In April 2003, The Simpsons episode, "Three Gays of the Condo" aired. It introduced a stereotypical on-and-off-again gay couple, Grady and Julio. Homer meets them when he moves into Springfield's gay district, after an argument with Marge. Later, after Springfield legalized gay marriage, Homer becomes ordained as a minister and marries Grady and Julio, in the episode "There's Something About Marrying", and talks about the segmented state of gay marriage in America in his speech as minister. Grady even tries to date Smithers as shown in the 2016 episode "The Burns Cage." At another point,

In July 2003, the Futurama episode "Bend Her" would air on FOX. While some praised this episode, Bender cross-dresses as a female robot under the name of Coilette to participate in the fembot league of the Earth 3004 Olympic Games where he claims five gold medals in the competition, other criticized it. 
 Critics argued hat the episode furthered the narrative that trans women are deceptive, coupled with the hurtful language and imagery" which surrounds the physical transition process Bender undergoes. The show also had one-time LGBTQ+ characters like Enos Fry and Old Man Waterfall who were killed off before the end of their respective episodes.

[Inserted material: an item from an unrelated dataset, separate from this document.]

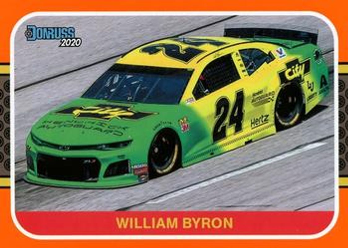 The William Byron 2020 Donruss NASCAR #197 Orange card is 1 of 124 William Byron's card variations in the 2020 Donruss NASCAR set being tracked by Sports Card Investor, including #100 Base, #55 Base, #163 Base, #197 Base, and #55 Carolina Blue.

On February 6, 2005, the series American Dad! began airing on FOX. The series introduced Roger, a protagonist said to be pansexual, due to the fact he assumed different aliases and a carousel of seemingly-endless lives. A June 2005 episode, titled "Homeland Insecurity", of the same show introduced Linda Memari, an Iranian-American neighbor of the Smith family. She would later be shown to be a bisexual woman. The same year, the episode "Threat Levels" would introduce Greg Corbin and Terry Bates. They would be shown to be a gay couple and would be regular characters for many years during the show's run.

On February 20, 2005, Patty Maleficent, the sister of Marge Simpson, came out as lesbian in the Simpsons episode "There's Something About Marrying". She was described by animation and popular culture scholar Jo Johnson as a character, considered by the show, as a "netter candidate for 'outing' than Wayland Smithers," and that her lesbianism is explained by her "inability to find an eligible man in Springfield." At the end of the episode, she declares, after finding out the person she had been trying to enter a relationship with is a man, that she likes girls, which Johnson described as "subversive" move by the show. However, in the episode, when she came out as lesbian, her family initially didn't support her but they eventually came around and supported her. Some criticized her character as a "background gay character," but not like characters such as Ren and Stimpy in the cartoon of the same name which were confirmed as gay outside the show's universe.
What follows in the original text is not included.